# DIBSI Tigers Day 3
- **Day 1-2 hackmd:** https://hackmd.io/KYExEMA4CMAYFYC0BGA7NAzIgLMgxrItHuOIusNhqhpOMrAGZA==?both
***
### Link to data carpentry lesson: http://www.datacarpentry.org/R-ecology-lesson/01-intro-to-r.html
Comic on the `sudo` command: https://imgs.xkcd.com/comics/sandwich.png
## R and Rstudio with Tracy Teal
R can do math!
`3+4`
R is so powerful because we can write scripts in the empty 4th panel in RStudio and it will create a `.R` file. That way we can save what we did!

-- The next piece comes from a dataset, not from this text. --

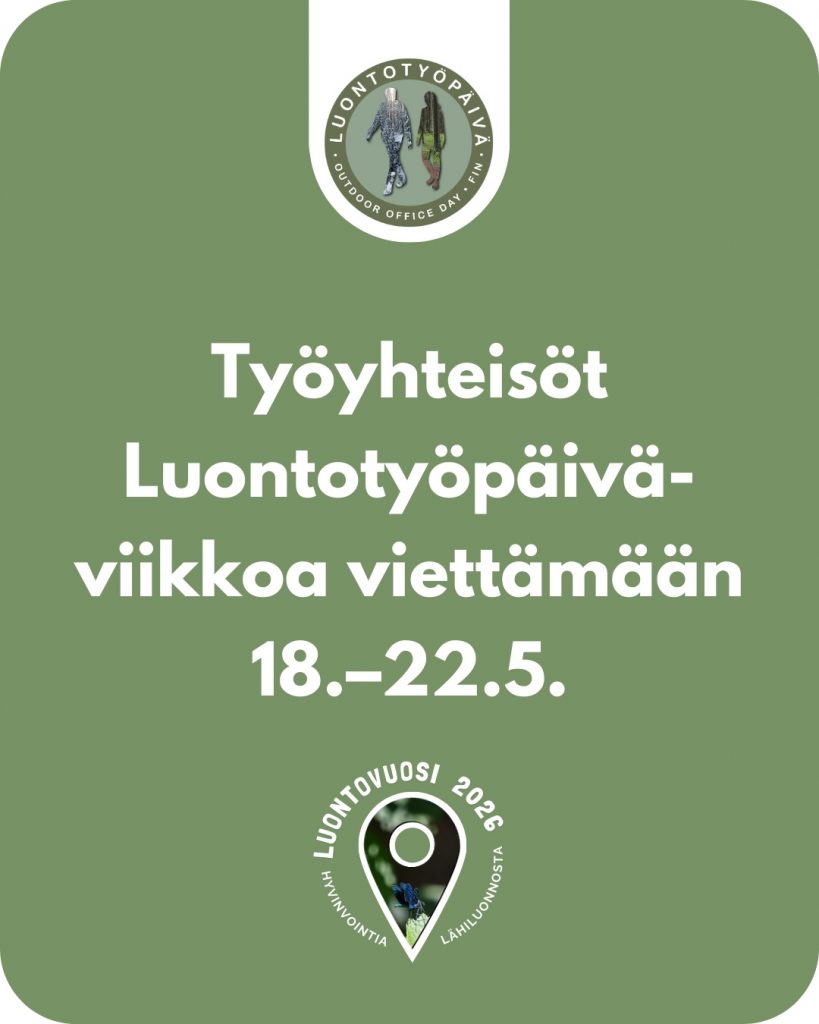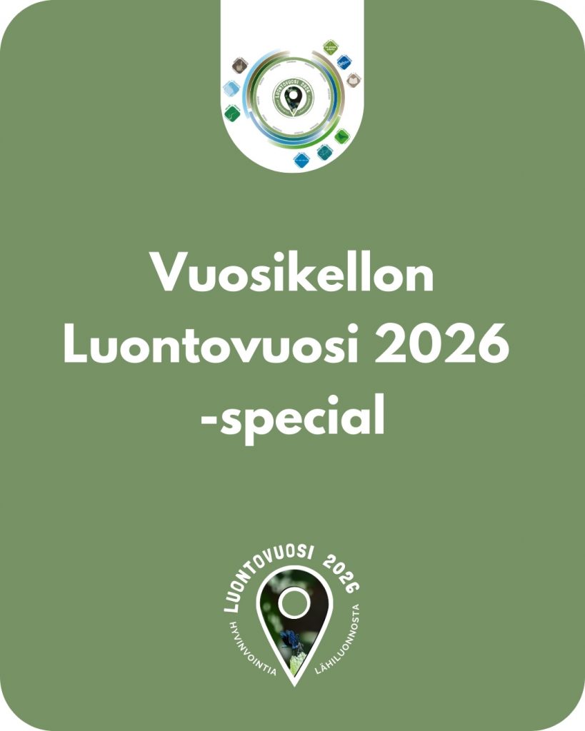 Tervetuloa Luontovuosi 2026 – hyvinvointia lähiluonnosta -sivustolle! Tältä sivustolta löytyy ideoita ja vinkkejä omannäköisesi luontovuoden toteutukseen sekä muun muassa Luontovuoden logot vapaasti käytettäviksi luontopositiivisten tapahtumien ja mielentilan viestinnässä. Sivuston sisältö täydentyy koko Luontovuoden ajan.

- To make a new script you can click on the green plus sign in the top left corner in RStudio.
- Once you start typing in your rscript you can press `command enter` on the line to send it down the R console.
- **Don't forget to save your files!**
- **To comment in R use `#`** This means that R will not run whatever comes after the pound symbol.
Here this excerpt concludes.